October 01, 2017

Is the Term “Light Novel” Helpful in the American Context?


The wave of anime and manga coming from Japan to America (now a set of phenomena decades old) has brought with it a concomitant interest in and market for other aspects of Japanese pop culture. Iron Chef. Gas station sushi. The light novel.


What are light novels? Light novels are books written to be read simply for the sake of enjoyment. While many of the people publishing light novels in this country also publish manga, the light novel is a primarily written medium rather than a comic. They are often illustrated with manga-style illustrations, but they are written stories not comics—though the most popular quickly find themselves adapted into manga and anime. Though the individual volumes may shorter than “serious” novels, they are often serial stories running to a dozen or more volumes. They have the same targeted focus that manga do: “boys,” “girls,” “young men,” etc. Yet there is the same sort of cross-over readership.

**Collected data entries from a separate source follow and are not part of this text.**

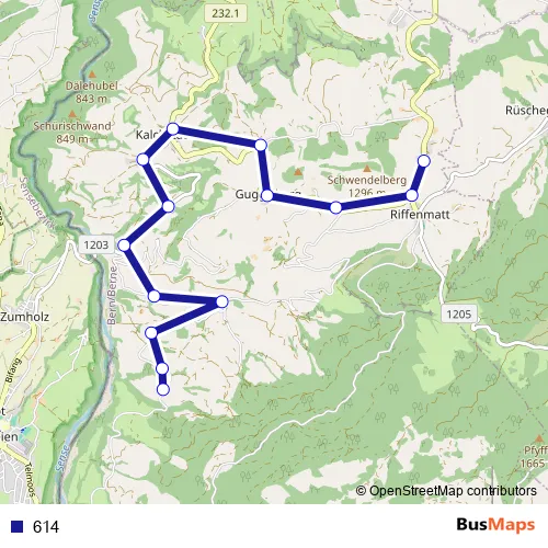 The first stop of the 614 bus route is Riffenmatt, Schwendi and the last stop is Guggisberg, Riedacker. 614 is operational during an Werktagen.
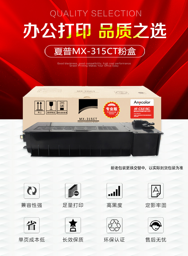 > 办公耗材 复印纸 硒鼓 > 打印耗材 > 硒鼓 > 欣彩 MX-315CT墨粉盒 专业版 AF-CS315C 适用夏普Sharp M2658U M3158U M2658N M3158N 2658 复印机| 产品名称 : | 欣彩 MX-315CT墨粉盒 专业版 AF-CS315C 适用夏普Sharp M2658U M3158U M2658N M3158N 2658 复印机 |
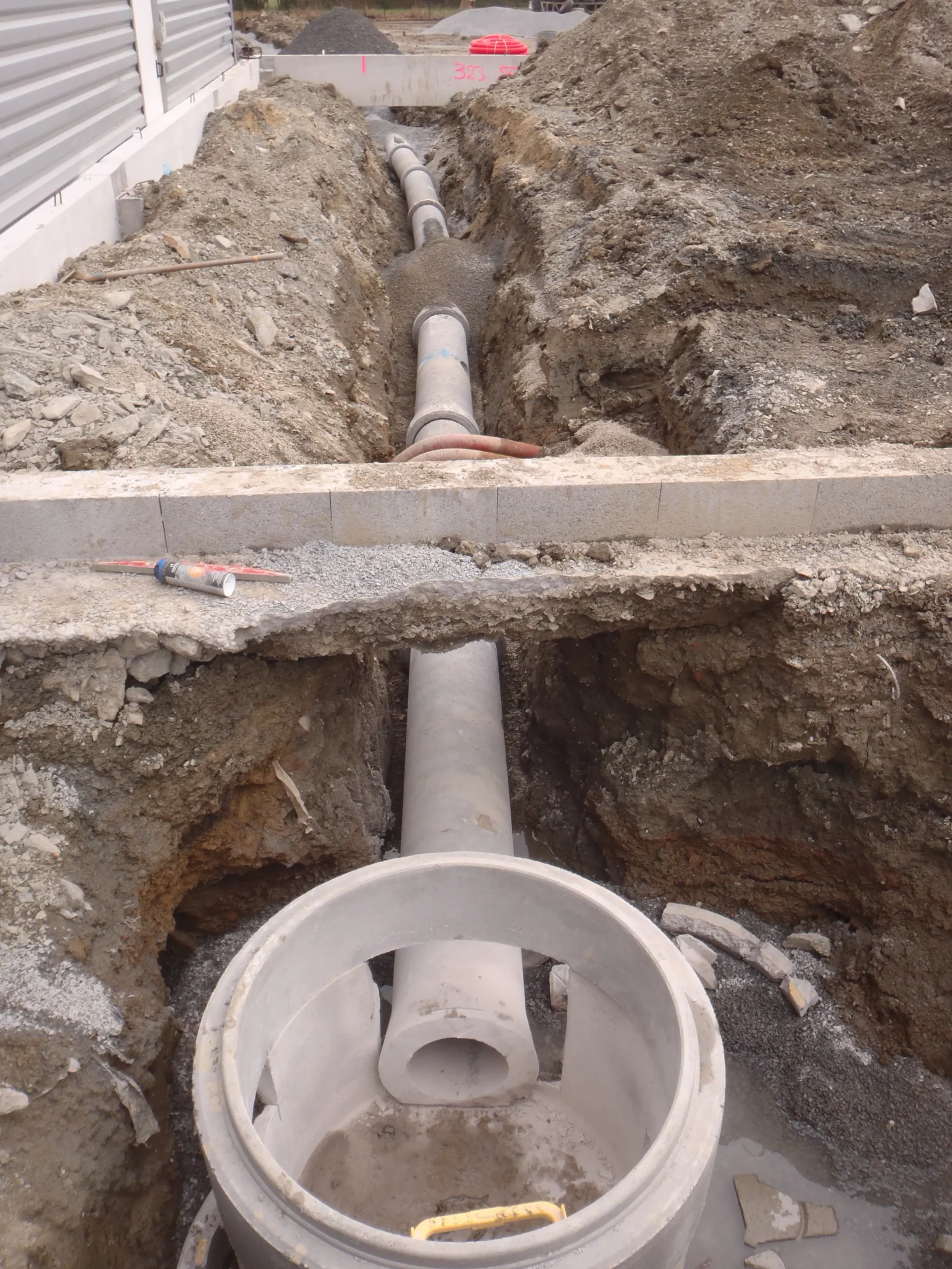 Nous réalisons la pose de réseaux d’eaux pluviales en matériaux adaptés selon les contraintes du chantier (PEHD annelé, PVC, béton), pour des diamètres allant de 100 à 800 mm.

In other words, “light novels” are the modern Japanese equivalent of traditional “pulp fiction.”



So far as I understand it, then, literature in Japan exists in two streams. The “serious” (or “literary,” “socially relevant,” “heavy,” “fill-in-your-adjective-here”) novel and the light novel. You can read your Kawabata and Murakami, and you can read your Heroic Legend of Arslan and Vampire Hunter D. Each stream of literature has its own set of expectations, its own awards, and its own readership.



Should American speculative fiction be heading in a similar direction? I think it’s perfectly fine for science fiction novels to strive for “social relevance,” but does every novel to be of that sort? Why can’t The Handmaid’s Tale exist alongside A Princess of Mars? To call both simply “science fiction” I think does a disservice to both works.



Perhaps a way to ensure that everyone can play in the speculative fiction sandbox is to make separate sandboxes. It seems to work for the Japanese. Is it helpful to start thinking that way in the American context?